Alfred was the youngest son of John & Kate Ambrose of 122 Long Lane (later Wilmslow Road), and the brother of John Ambrose who is also commemorated on the Long Lane War Memorial.
Hundreds of men with Scottish ancestry wanted to form Manchester Scottish battalions of the "Pals" units being recruited in 1915. This idea did not find favour. Many potential recruits travelled to Scotland to enlist. Subsequently, a number of Battalion recruiting officers travelled to Manchester and this is probably why Alfred was a member of a Highland Regiment. He probably joined the Seaforths in April 1916 (original service number 5144).
He was awarded the Distinguished Conduct Medal and promoted to Lance Corporal in 1918. The London Gazette, 3rd September 1918, gave his citation:-
"For conspicuous gallantry and devotion to duty during an enemy attack. His section leader becoming a casualty, he assumed command of the section and a party of stragglers and by fine powers of leadership, he controlled this party splendidly and inflicted severe losses on the enemy."
Alfred's bravery is not specifically mentioned in his Battalion's War Diary, so it is impossible to establish exactly where and when his act occurred. It is probable, however, that it was some during the German offensive, known as the Battle of Estaires, 9 - 11 April 1918.

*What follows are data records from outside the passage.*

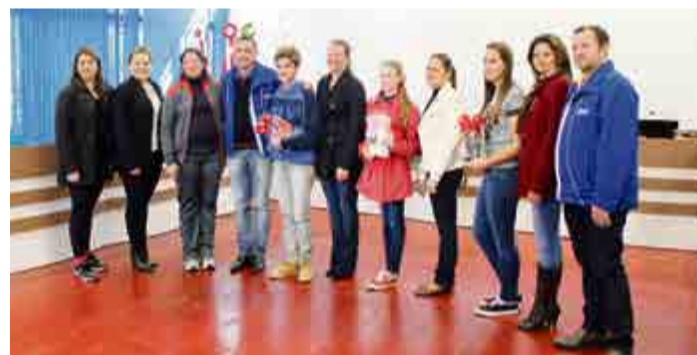
Finalistas da Escola Núcleo Número Um, de Cunha Porã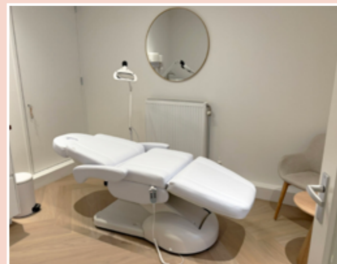
Een van de twee nieuwe behandelkamers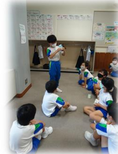
【ぼくのたたみ方は・・・】

友達の提案を聞き入れる、自分はどうかと振り返る、解決に向けて考えるなど、自分たちの暮らしを自分たちで整えていこうとする子供たちの姿をうれしく思いながら、話し合いの様子を見ていました。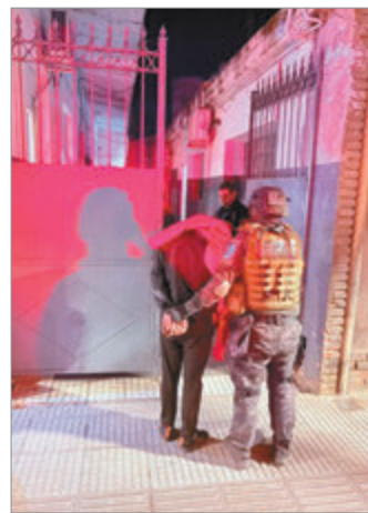
El procedimiento de la fuerza

Además, alquilaba una habitación al frente del inmueble para ejercer el delito, al tiempo que los uniformados incautaron envoltorios de cocaína, dinero y otros elementos de relevancia para la investigación, tras el hallazgo por parte de los perros detectores de narcóticos.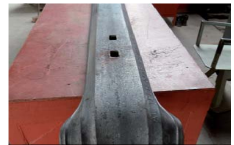
Modèle de Traverse métallique percée avec bèches d'ancrage évasées plongeante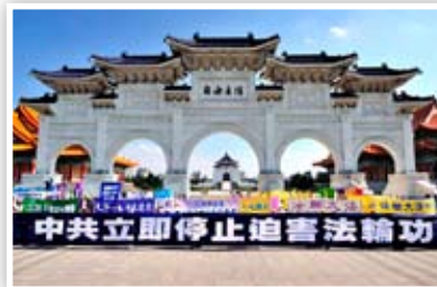
P27 台北法轮功千人集会游行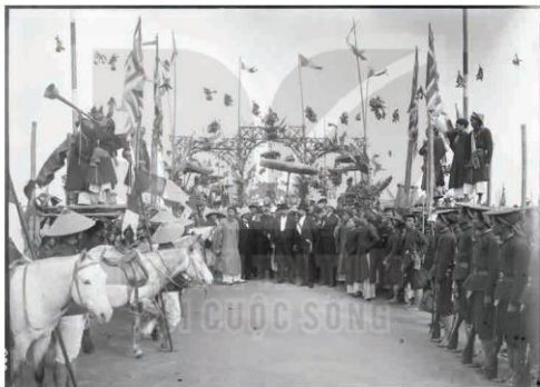
Lễ xướng danh khoa thi Hương năm Đinh Dậu tại Nam Định, ngày 27/12/1897, ảnh của Phi-a-manh Ăng-đơ-rê San (Firmin André Salles)

Nhà nước ba năm mở một khoa (2) , Trường Nam thú lẫn với trường Hà (3) . Lôi thôi sĩ tử vai đeo lọ (4) , Âm ọ quan trường miệng thét loa.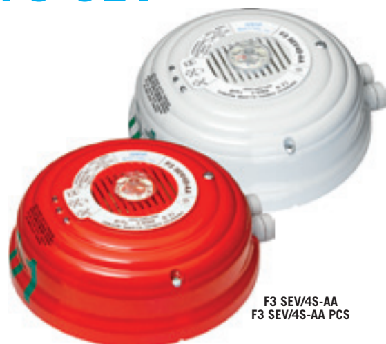
F3 SEV/4S-AA F3 SEV/4S-AA PCS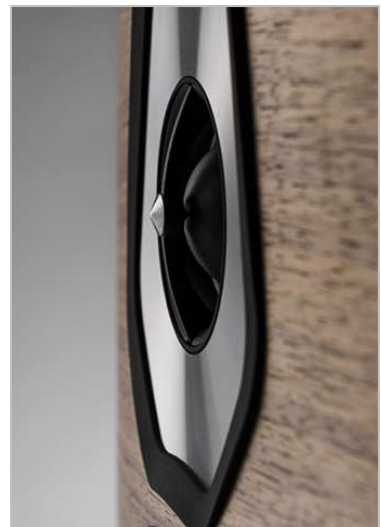
アローポイント・DAD ツイーター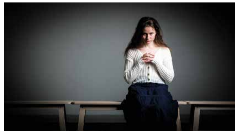
Diakoniatyö auttaa taloudelliseen ahdinkoon joutuneita.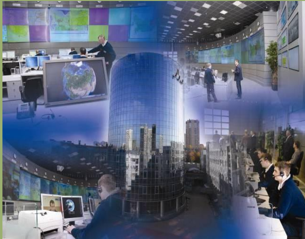
Национальный центр управления в кризисных ситуациях МЧС России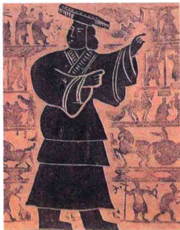
中华民族的先祖——黄帝像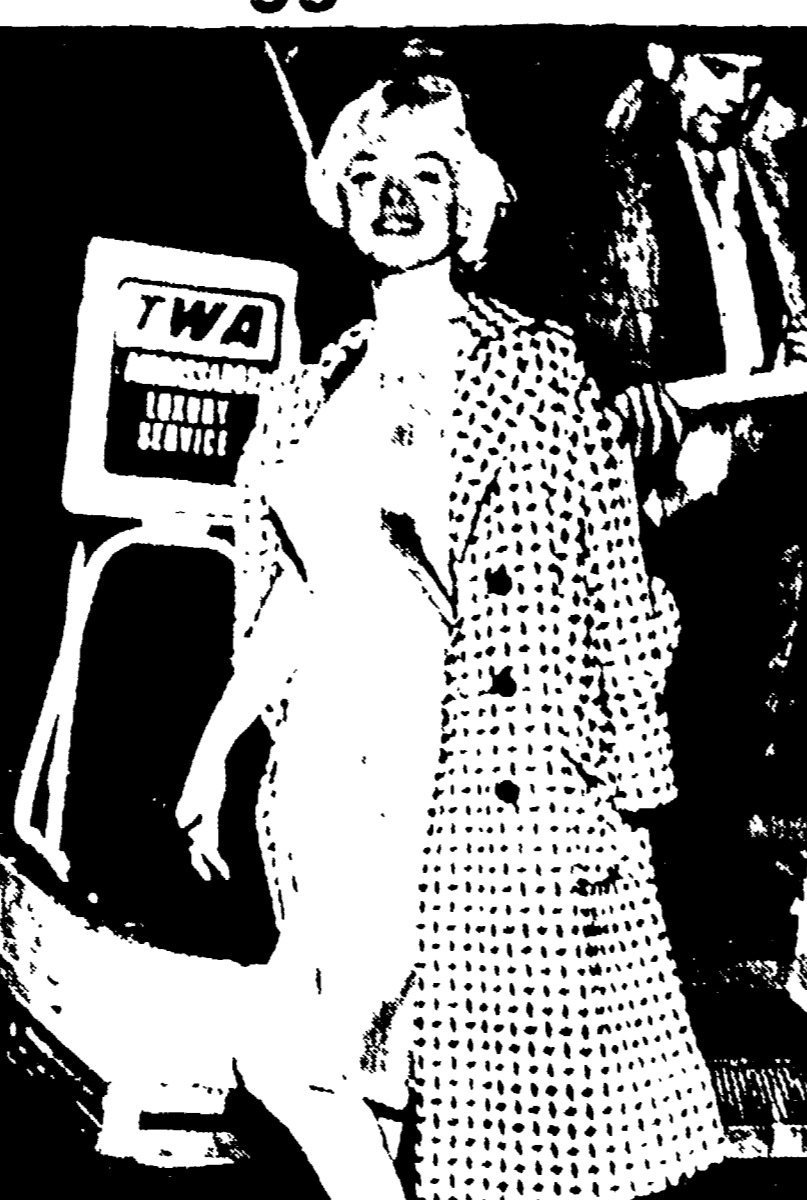
NEW YORK — Marilyn Monroe, fotografata all'aeroporto di New York, proveniente da Los Angeles, ove ha dichiarato di essersi recata per affari (Telefoto)

In the early morning of 19 July 1918, the Battalion was near the village of Oger, some 30 miles south of Reims, in the Champagne region of France and was ordered into a reserve position. They reached the designated spot, near a wood, by dawn on the 20th and remained there until 1pm whilst an attack was carried out by neighbouring units. They then moved forward, still in reserve, throughout the afternoon. At 5.30pm, they received orders to take over the front line, but it was not until 4am the next day that they reached this position as their guide lost his way. Over the previous 24 hours, 9 men, including Alfred, had been killed, most probably by enemy shellfire. Alfred will have been buried by his comrades but, presumably, due to the front line moving quite quickly, knowledge of its precise location may have been lost. He is commemorated on a Memorial to the Missing.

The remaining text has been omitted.